*** Opening of Supplied material ***

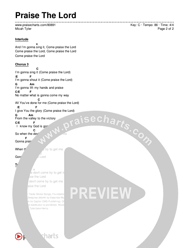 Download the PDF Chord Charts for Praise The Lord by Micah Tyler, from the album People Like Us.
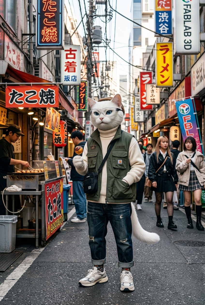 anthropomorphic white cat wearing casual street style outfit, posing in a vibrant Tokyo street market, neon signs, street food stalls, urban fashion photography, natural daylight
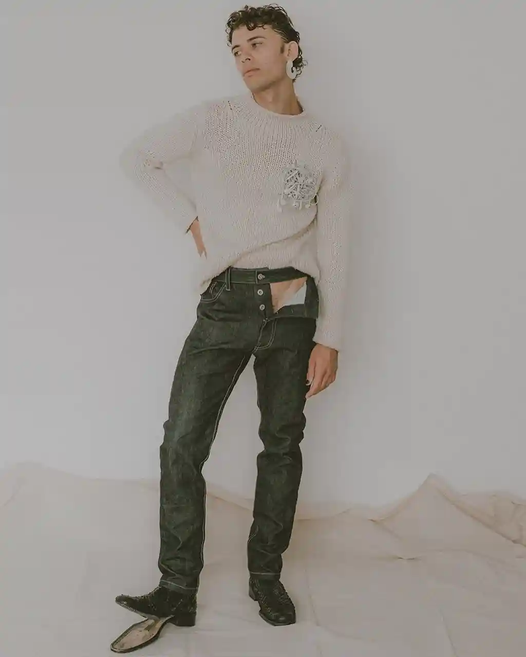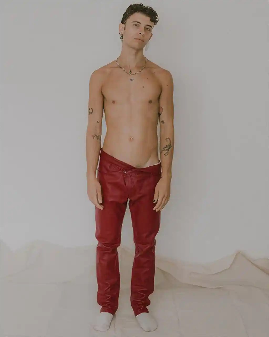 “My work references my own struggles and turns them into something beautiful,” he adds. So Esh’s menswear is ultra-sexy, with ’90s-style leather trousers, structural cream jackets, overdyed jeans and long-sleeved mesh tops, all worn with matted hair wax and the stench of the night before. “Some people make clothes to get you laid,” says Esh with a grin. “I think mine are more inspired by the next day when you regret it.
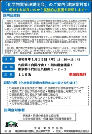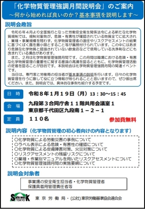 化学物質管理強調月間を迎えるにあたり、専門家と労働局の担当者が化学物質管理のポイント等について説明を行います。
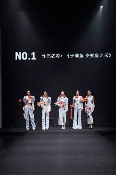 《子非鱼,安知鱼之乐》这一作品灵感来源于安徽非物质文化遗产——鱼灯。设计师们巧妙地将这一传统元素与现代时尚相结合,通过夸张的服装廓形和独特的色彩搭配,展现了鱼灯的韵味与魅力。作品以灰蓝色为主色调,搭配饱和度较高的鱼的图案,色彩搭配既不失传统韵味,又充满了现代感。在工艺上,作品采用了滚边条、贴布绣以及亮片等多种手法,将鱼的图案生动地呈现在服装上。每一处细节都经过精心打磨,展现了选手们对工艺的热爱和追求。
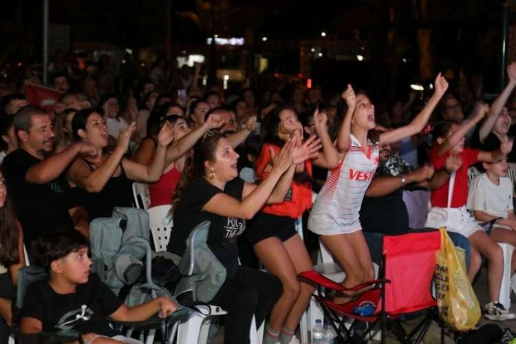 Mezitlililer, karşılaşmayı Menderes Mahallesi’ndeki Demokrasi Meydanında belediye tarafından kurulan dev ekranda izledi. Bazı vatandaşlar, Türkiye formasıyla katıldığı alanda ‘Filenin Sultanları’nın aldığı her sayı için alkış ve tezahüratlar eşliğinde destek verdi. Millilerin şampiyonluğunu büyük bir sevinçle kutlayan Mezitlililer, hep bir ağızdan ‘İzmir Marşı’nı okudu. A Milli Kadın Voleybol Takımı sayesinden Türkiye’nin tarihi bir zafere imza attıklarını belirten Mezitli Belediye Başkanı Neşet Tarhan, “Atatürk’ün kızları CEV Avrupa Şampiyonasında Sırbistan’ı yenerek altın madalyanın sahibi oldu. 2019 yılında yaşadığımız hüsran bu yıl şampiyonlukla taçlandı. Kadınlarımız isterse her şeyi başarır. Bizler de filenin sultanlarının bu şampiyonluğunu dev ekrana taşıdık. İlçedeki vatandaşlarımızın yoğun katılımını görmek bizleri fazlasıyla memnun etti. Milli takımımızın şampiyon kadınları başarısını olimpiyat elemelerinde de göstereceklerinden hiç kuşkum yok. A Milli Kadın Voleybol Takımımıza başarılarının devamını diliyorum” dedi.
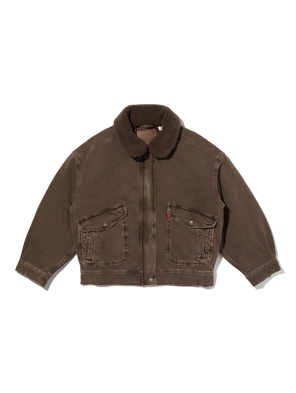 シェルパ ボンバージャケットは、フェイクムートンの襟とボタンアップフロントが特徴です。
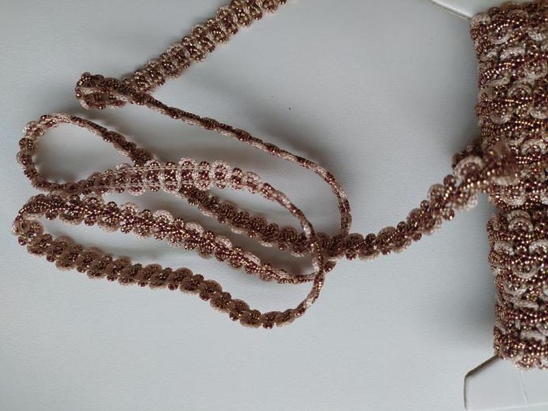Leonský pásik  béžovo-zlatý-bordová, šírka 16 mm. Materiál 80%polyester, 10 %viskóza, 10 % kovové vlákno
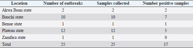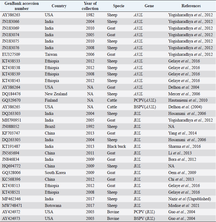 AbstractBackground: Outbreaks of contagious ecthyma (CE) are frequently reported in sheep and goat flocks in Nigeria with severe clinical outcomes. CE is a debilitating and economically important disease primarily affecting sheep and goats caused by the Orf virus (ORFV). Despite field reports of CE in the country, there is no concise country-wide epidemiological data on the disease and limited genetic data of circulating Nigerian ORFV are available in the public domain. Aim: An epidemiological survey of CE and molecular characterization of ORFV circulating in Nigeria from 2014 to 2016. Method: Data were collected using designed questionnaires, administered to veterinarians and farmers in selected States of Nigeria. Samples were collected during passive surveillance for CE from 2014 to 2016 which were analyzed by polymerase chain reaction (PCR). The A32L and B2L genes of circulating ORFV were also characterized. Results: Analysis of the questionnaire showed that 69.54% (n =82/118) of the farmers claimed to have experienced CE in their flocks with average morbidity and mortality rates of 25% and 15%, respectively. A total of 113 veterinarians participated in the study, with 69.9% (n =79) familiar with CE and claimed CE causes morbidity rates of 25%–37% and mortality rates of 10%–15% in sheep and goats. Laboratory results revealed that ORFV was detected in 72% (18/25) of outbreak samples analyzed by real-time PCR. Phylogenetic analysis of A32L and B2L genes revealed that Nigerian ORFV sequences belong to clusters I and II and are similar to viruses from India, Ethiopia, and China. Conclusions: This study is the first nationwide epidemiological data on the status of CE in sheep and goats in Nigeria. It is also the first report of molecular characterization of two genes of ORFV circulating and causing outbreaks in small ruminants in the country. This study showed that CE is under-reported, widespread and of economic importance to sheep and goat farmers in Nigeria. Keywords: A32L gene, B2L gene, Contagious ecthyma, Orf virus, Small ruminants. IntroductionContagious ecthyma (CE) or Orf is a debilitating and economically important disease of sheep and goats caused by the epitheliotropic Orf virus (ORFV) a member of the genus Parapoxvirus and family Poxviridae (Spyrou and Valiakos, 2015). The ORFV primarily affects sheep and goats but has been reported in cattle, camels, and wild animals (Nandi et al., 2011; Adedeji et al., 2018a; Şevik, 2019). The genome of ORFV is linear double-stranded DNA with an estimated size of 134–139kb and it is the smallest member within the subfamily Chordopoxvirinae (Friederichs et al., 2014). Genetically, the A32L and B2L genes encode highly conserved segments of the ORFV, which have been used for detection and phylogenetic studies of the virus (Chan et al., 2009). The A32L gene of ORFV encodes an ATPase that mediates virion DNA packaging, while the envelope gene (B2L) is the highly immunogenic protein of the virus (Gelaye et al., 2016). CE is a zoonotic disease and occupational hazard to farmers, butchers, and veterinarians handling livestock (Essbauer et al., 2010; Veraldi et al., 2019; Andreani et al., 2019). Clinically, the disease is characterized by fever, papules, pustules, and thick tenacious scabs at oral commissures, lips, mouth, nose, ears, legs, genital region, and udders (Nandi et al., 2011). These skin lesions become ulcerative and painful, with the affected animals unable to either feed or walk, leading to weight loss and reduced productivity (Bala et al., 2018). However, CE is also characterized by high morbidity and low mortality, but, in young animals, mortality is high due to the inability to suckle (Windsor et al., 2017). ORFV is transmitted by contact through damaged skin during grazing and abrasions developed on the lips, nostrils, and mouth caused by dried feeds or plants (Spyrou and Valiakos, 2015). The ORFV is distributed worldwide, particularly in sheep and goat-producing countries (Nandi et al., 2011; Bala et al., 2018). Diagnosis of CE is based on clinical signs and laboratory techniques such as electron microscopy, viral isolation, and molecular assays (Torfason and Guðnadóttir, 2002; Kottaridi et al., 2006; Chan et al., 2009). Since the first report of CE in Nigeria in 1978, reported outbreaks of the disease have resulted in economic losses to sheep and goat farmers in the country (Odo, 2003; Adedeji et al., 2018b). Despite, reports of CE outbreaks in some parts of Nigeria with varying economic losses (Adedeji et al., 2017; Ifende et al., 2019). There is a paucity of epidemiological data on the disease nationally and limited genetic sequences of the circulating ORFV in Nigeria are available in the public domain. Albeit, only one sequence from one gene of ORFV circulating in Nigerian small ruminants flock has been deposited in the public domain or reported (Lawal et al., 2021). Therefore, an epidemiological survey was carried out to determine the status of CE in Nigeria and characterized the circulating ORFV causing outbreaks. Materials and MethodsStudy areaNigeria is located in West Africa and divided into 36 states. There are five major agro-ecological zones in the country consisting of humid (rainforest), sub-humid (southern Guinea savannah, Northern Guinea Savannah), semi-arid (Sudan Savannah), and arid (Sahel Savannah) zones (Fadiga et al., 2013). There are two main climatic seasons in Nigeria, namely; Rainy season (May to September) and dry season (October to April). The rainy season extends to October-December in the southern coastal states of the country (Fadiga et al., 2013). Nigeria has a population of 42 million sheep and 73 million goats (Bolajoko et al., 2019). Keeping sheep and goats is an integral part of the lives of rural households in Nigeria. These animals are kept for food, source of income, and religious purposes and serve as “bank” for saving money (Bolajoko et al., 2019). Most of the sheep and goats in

*** Close of Supplied material ***
*** Opening of Supplied material ***

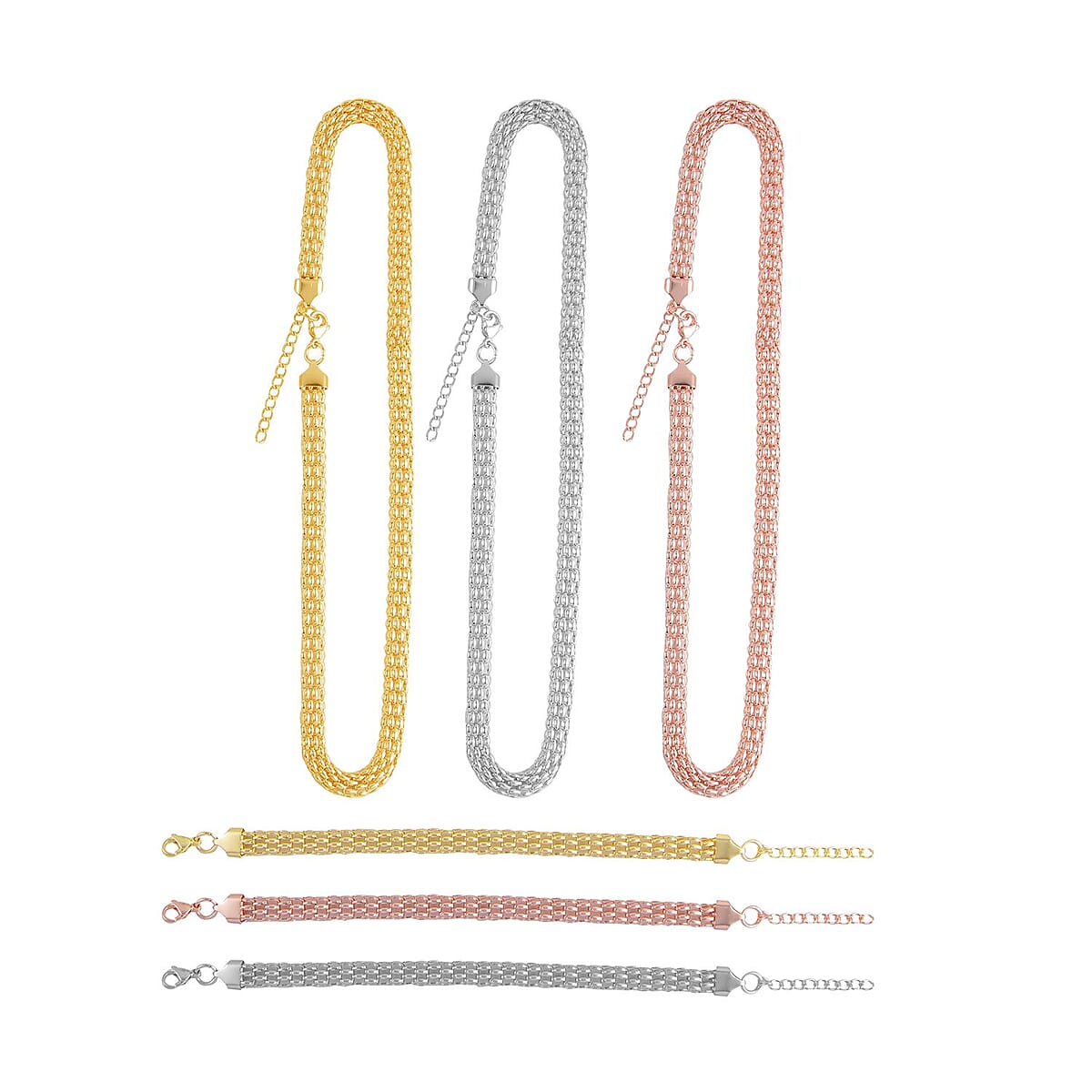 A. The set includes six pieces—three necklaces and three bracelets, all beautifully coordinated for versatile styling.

*** Close of Supplied material ***

** Exercise **
Copy word for word only the lines above from the one with "Download the PDF" through the one with "anthropomorphic white cat". Leave pictures out.

** Reply to the exercise **
 Download the PDF Chord Charts for Praise The Lord by Micah Tyler, from the album People Like Us.
 anthropomorphic white cat wearing casual street style outfit, posing in a vibrant Tokyo street market, neon signs, street food stalls, urban fashion photography, natural daylight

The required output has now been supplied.